Thursday, April 19, 2012

Electronic Textbooks: Why The Rush ?

The race to replace traditional textbooks with electronic versions is on. Although electronic textbooks have been most carefully tested in university students, the Obama Administration is advocating their use in elementary and secondary schools. In February, Secretary of Education Arne Duncan recommended that states allow school districts to spend money once reserved for textbooks on Kindles, Nooks, and iPads. As educational tools, electronic textbooks offer the promise of easy updates, cost savings compared with print, flexibility, and integrated features such as video, hyperlinks, and software that allows students to collaborate.
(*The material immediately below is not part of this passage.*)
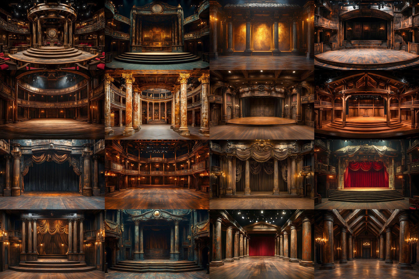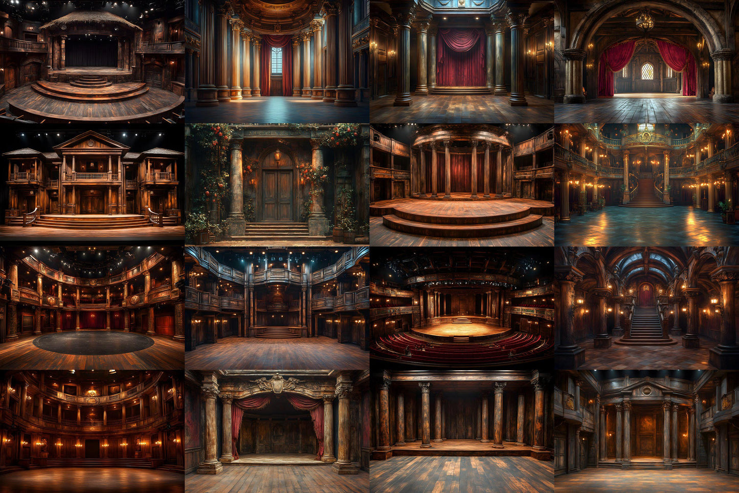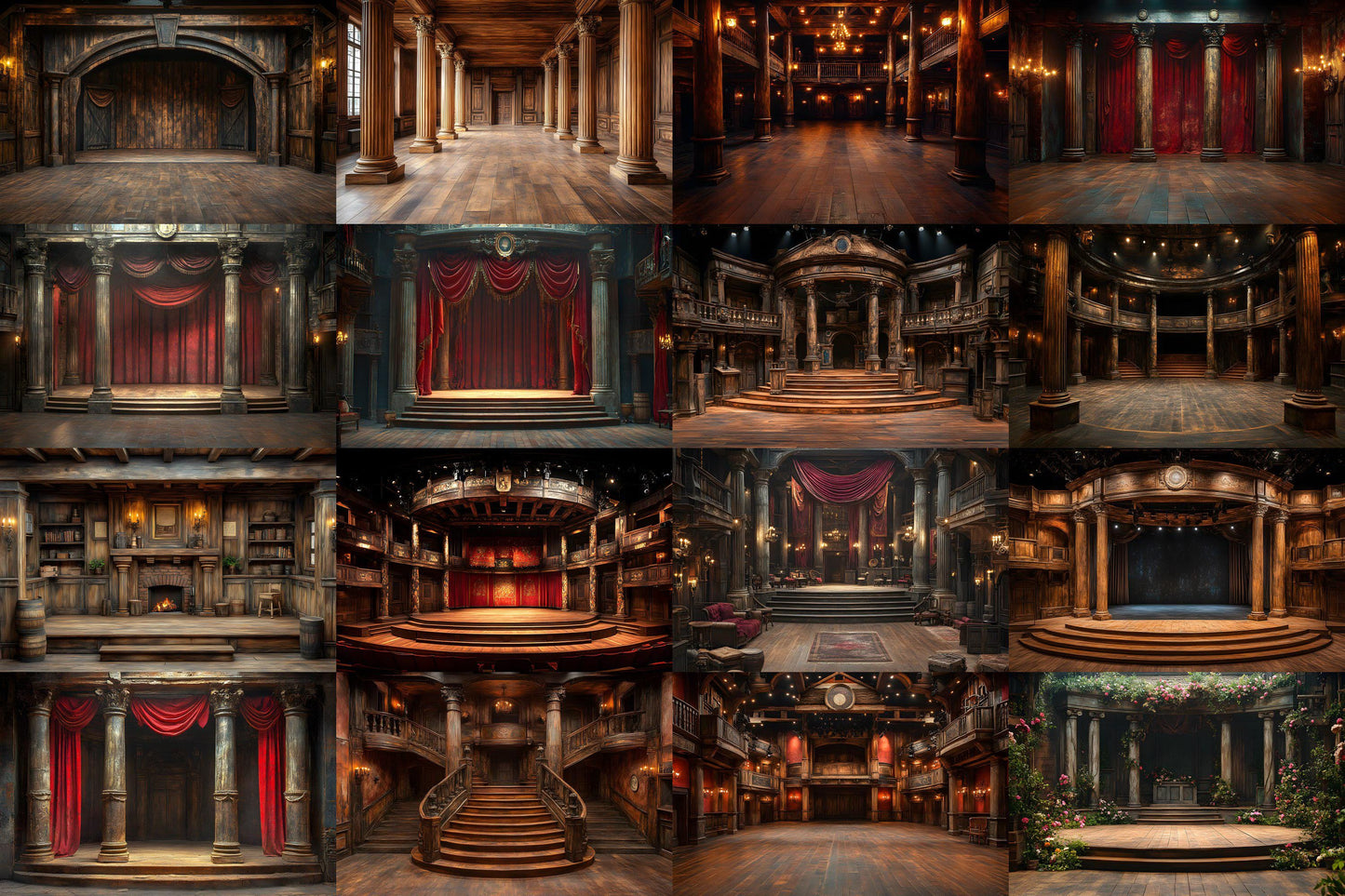 Shakespearean Stage Backdrops - Vintage Theatrical, Dramatic Play Scene, Regal Digital Backgrounds

However, electronic textbook sales  have not followed the upward trend of e-books, and scientific studies of students reading and learning from e-readers suggest caution.


Recent research shows that college students learn equally well from e-readers or printed text , but electronic textbooks carry a cost in efficiency. Reading electronic textbooks takes longer, on average, than reading print, and many students report higher levels of fatigue upon completion . The source of this cost is unclear, but the effect is strong enough that the majority of college students prefer traditional print books when offered a choice. [snip].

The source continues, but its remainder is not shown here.